Tallis had bit Pashkah like the rabid dog he’d been accused of being. Years of practicing techniques in hand-to-hand combat and in the use of his seaxes—didn’t matter. Just teeth and fury.
He saw her.
Kavya.
No . . .
This was the Sun. She was the woman he’d come to expect in his dreams. This time, she appeared on the back of the Great Dragon without preamble. Normally the Dragon appeared when Tallis most needed convincing, as if the Sun brought their Father into the discussion to ensure cooperation. How could anyone deny her commanding beauty and the unearthly power of their Creator?

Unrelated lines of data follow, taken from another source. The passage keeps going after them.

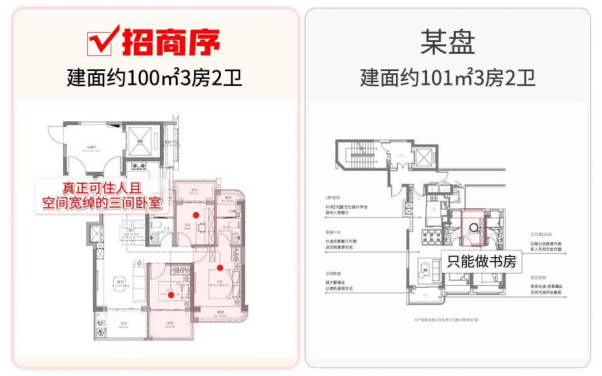 2011年颁布的《中华人民共和国住宅设计规范》中提到:双人卧室不应小于9㎡;招商序每个卧室在阳台“扩容剂”的助力下全部达标,A1户型在百平空间做到了3个双人卧室。
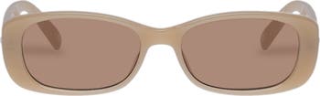 Set your sights on a throwback silhouette that's hot again for the season with these slim rectangular sunnies featuring a cool '90s look.
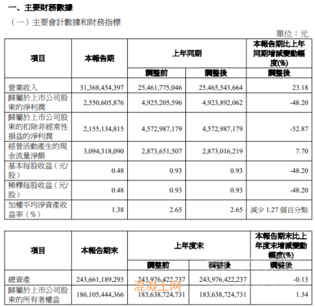 4月26日海螺水泥發布2023年第一季度報告。報告顯示,一季度海螺水泥實現營業收入313.68億元,同比增長23.18%;凈利潤25.51億元,同比下降48.2%。報告期內,主要由于銷售價格同比下降,導致利潤同比減少。
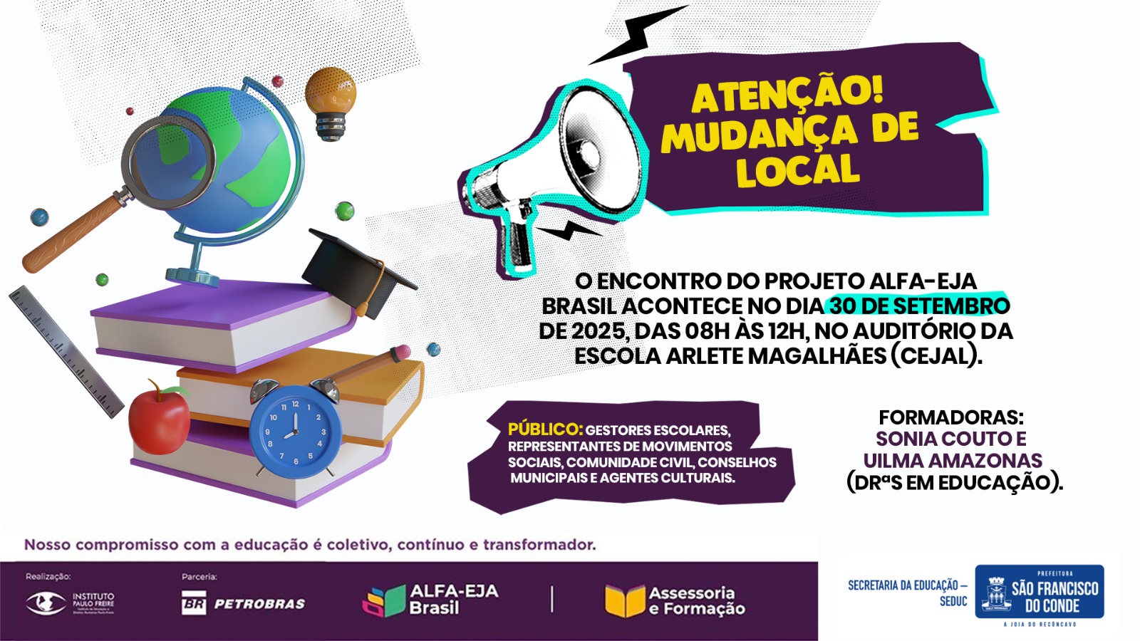 A Prefeitura de São Francisco do Conde, por meio da Secretaria Municipal da Educação (SEDUC), dará início ao Ciclo Formativo do Projeto ALFA-EJA BRASIL no dia e 30 de setembro, de forma presencial, no auditório da Escola Arlete Magalhães (CEJAL).
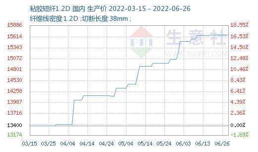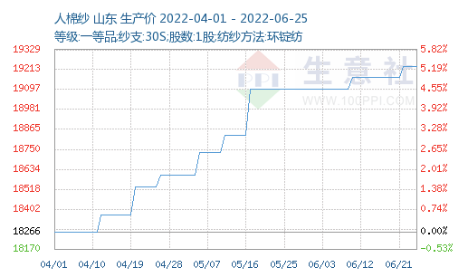 根據(jù)生意社價格監(jiān)測,截止至2022年6月26日,1.2D*38mm粘膠短纖國內(nèi)地區(qū)出廠報價為15660元/噸,價格穩(wěn)定。人棉紗價格處高位,穩(wěn)中有升,(30S,環(huán)錠紡,一等品)出廠均價為19233元/噸,較上周價格上調(diào)60元/噸。
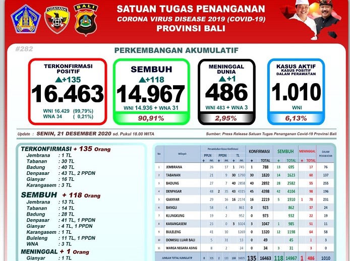 Denpasar – Provinsi Bali mencatat pertambahan kasus terkonfirmasi
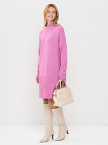 в чистый край. Горловина спинки более вырезана. Рукав втачной длинный, к низу рукав расширяется. Платье длиной выше колена.
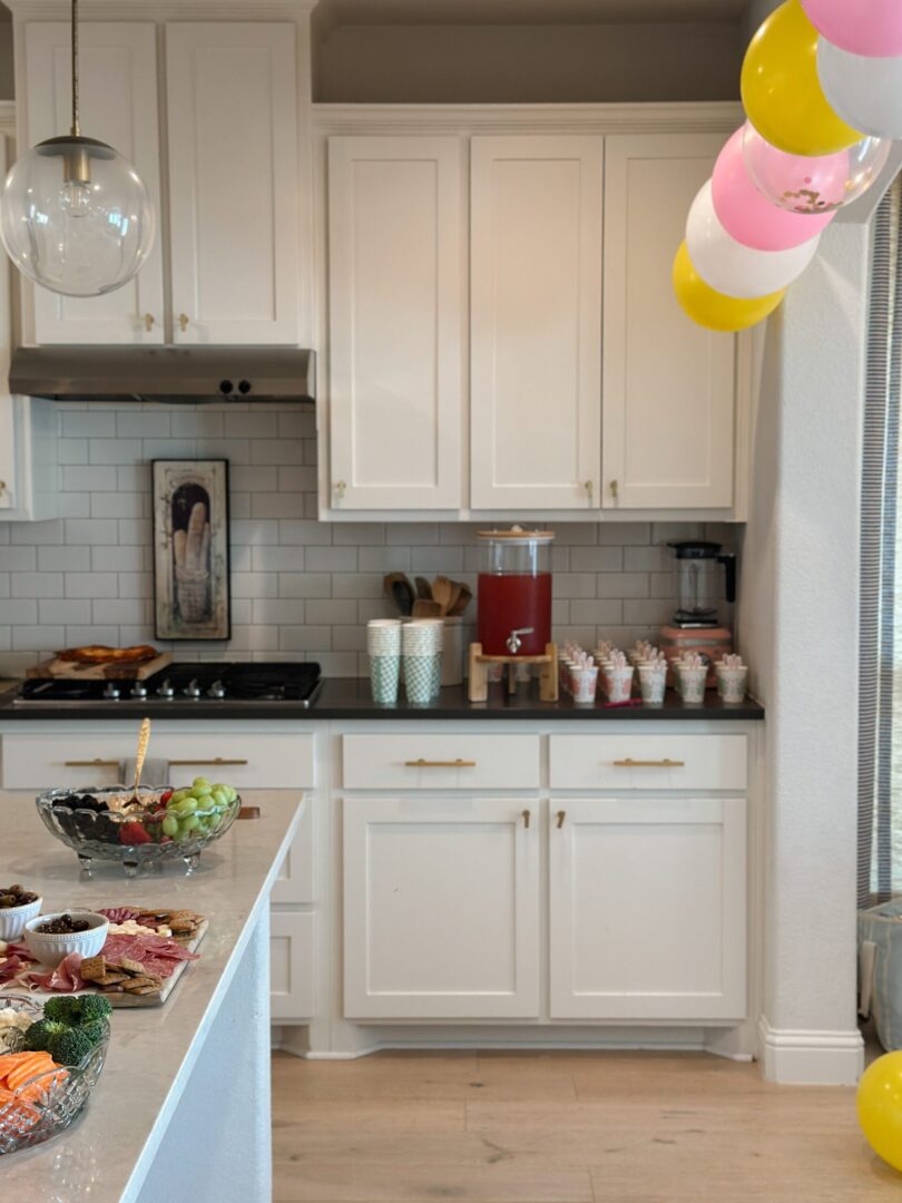 Bunny themed foods include carrots, cheddar bunnies, fruit snack bunnies, and bell peppers. I served classics like fruits, vegetables, turkey rolls, and a charcuterie board. Of course I added some of Averi’s favorites like strawberry lemonade, macaroons, cake, chocolate chip cookies, and cheese pizza.
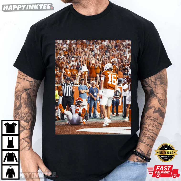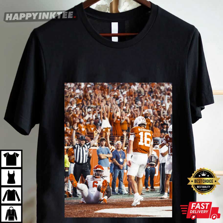 Check out the Arch Manning Stare Down Texas Longhorns T-Shirt and relive one of the biggest moments in college football! It shows off a classic shot of Texas QB Arch Manning after a big play, totally capturing the cool vibe, energy, and confidence that fans dig about him.
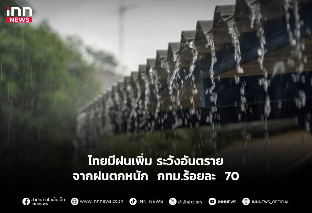 ไทยมีฝนเพิ่มระวังอันตรายจากฝนตกหนัก กทม.ร้อยละ 70
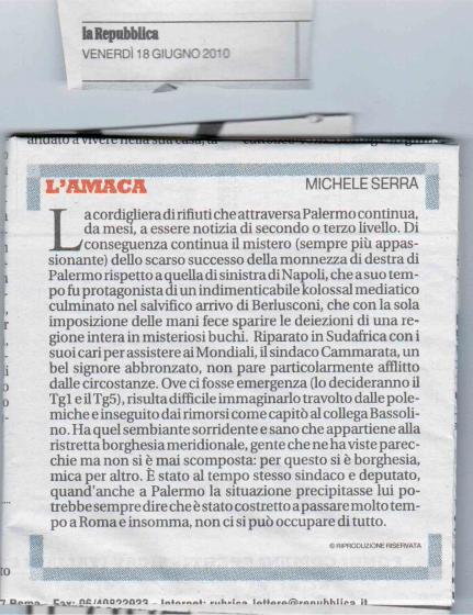 Mi riferivo all’argomento INFORMAZIONE. Dovreste essere indignati del fatto che da un lato si dice che a Napoli non c’è più l’emergenza e che dall’altro NON si dice che c’è una forte emergenza a Palermo. Non credo sia complicato da perseguire come obiettvo per un grosso partito come il PD.
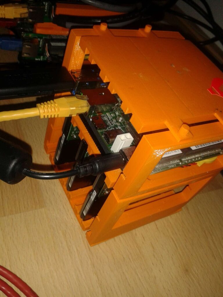 If you want to build your own then consider using a board with more onboard SATA ports. But if you really want to give it a try, here are the 3D models I created. Warning: Some dremel action might be needed to make everything fit.
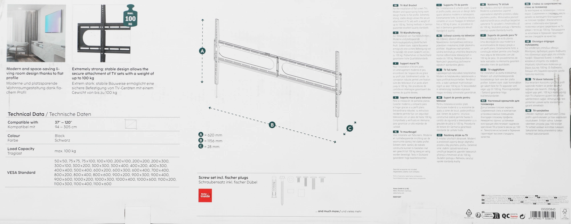 | Подходит для телевизоров c диагональю | 100", 37", 39", 40", 42", 46", 48", 50", 52", 55", 60", 65", 70", 75", 85" |
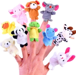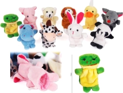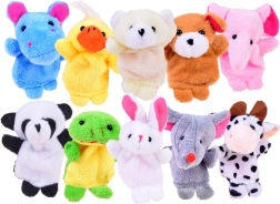 A csomagban megtalálod a kedvelt állatkákat: vízilovat, egérkét, kutyust, macit, békát, kiselefántot, tehénkét, pandát, nyuszit és kiskacsát. A kompakt méretnek köszönhetően a bábok könnyen felhúzhatók az ujjra, és ideálisak utazáshoz, óvodába és otthonra is.
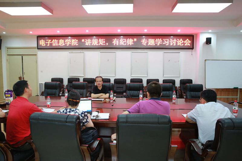 “讲规矩、有纪律”专题讨论会在基础教学楼A303会议室举行。副校长晏世经、全体院领导参加了会议。学习讨论会由院党委书记蒋斌主持。
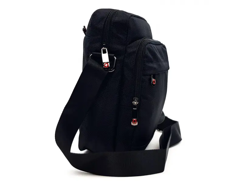Geantă bărbătească din material textil de calitate, cu mai multe compartimente și un mâner din poliester ușor reglabil. Geantă de umăr bărbătească mare, cu buzunar în spate, buzunar frontal, buzunar central și un buzunar mare cu buzunare interioare.
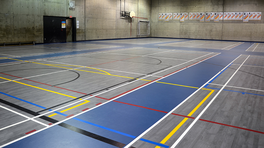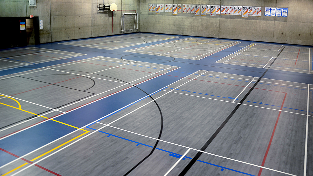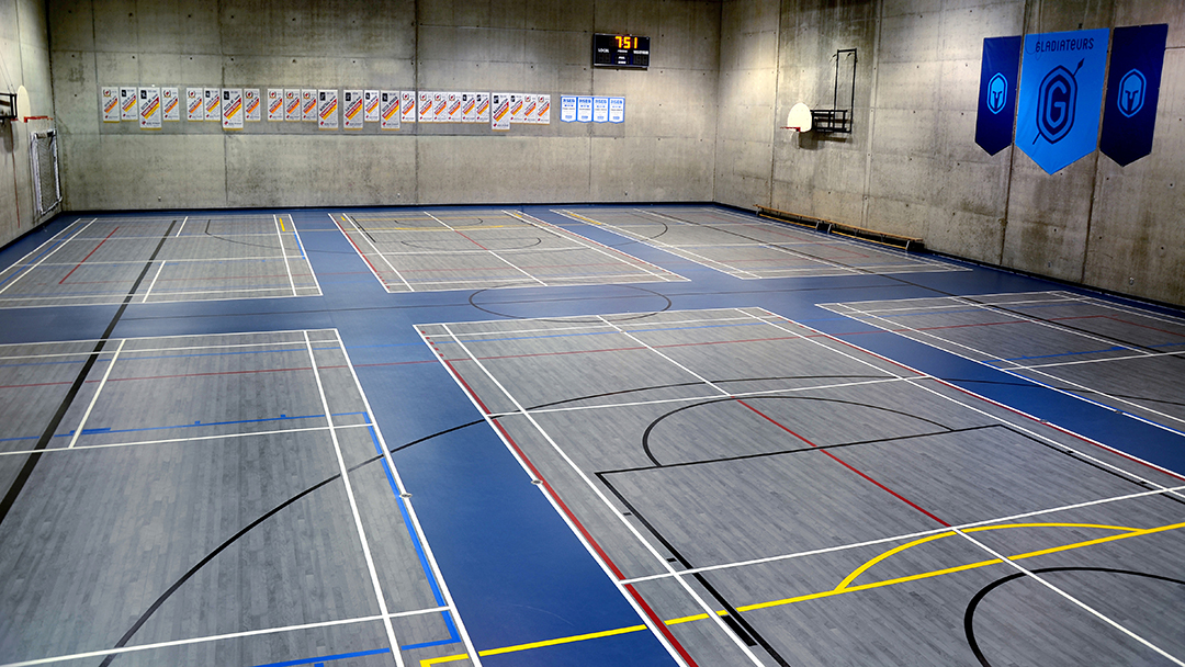 Located in Dollard-des-Ormeaux, Collège Gérald-Godin sits directly adjacent to a river. Following a flooding event, water invaded the basement gymnasium, completely destroying the existing sports flooring.
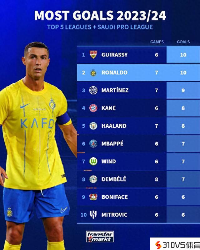 10月8日讯 在C罗、本泽马和内马尔等球星的加盟后,沙特联赛吸引了越来越多的关注,德转甚至统计了五大联赛+沙特联的射手榜。
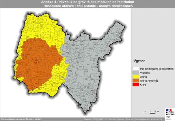 La situation reste très tendue pour l’alimentation en eau potable sur le sud-ouest du département et les convoyages d’eau reprennent sur le Bugey.

Tallis held very still. Somewhere higher up on the plane of his consciousness, he knew he had fallen asleep. He didn’t want to wake. He wanted to know what the Sun had to say for herself, now that he’d left her to her own resources, stripped of authority, with two slices from his seax on her neck.
He’d tasted those slight wounds, letting his tongue offer the apology he’d never voice.
“You did well,” she said, as softly as the magical swish of the Dragon’s wide wings and long tail. “This was how I intended events to proceed.”
She was swathed in the turquoise of the North, when she was usually clad in the same golden silk sari that Kavya had worn. The gold accentuated her warm coloring. By contrast, the vibrant blue made her features appear careworn. She was voluptuous, but not with Kavya’s innocent sexuality. The Sun’s innocence was petulant, like the greed of an insatiable two-year-old. Pleading, then coercing. Coercing, then pleading. He hadn’t been able to resist that potent cocktail.
Now he could.
“I didn’t do anything to please you,” he said. “Your cult is in ruins. You’ll only be welcomed into the most warlike pods in the North. Go take shelter with them and watch the last of your reputation rip in the wind.”
Amber eyes glowed strong and true, as a corona of light large enough to obscure the Dragon gained strength at her back. Soon her features were cast in shadows. Her body was a silhouette behind layers of flowing blue. Tallis could only sense the Dragon’s watchful presence and smell the brimstone smoke of its exhalations.
“It was time,” she said. “You killed a priest to unify your clan. That was how the Pendray could become most powerful and lasting.”
“It worked. I know that. Other selective murders have had the same effect—bringing peace where none had been. But strengthening individual clans has never been your goal. ‘The Chasm isn’t fixed,’ you said. Unify the Dragon Kings.”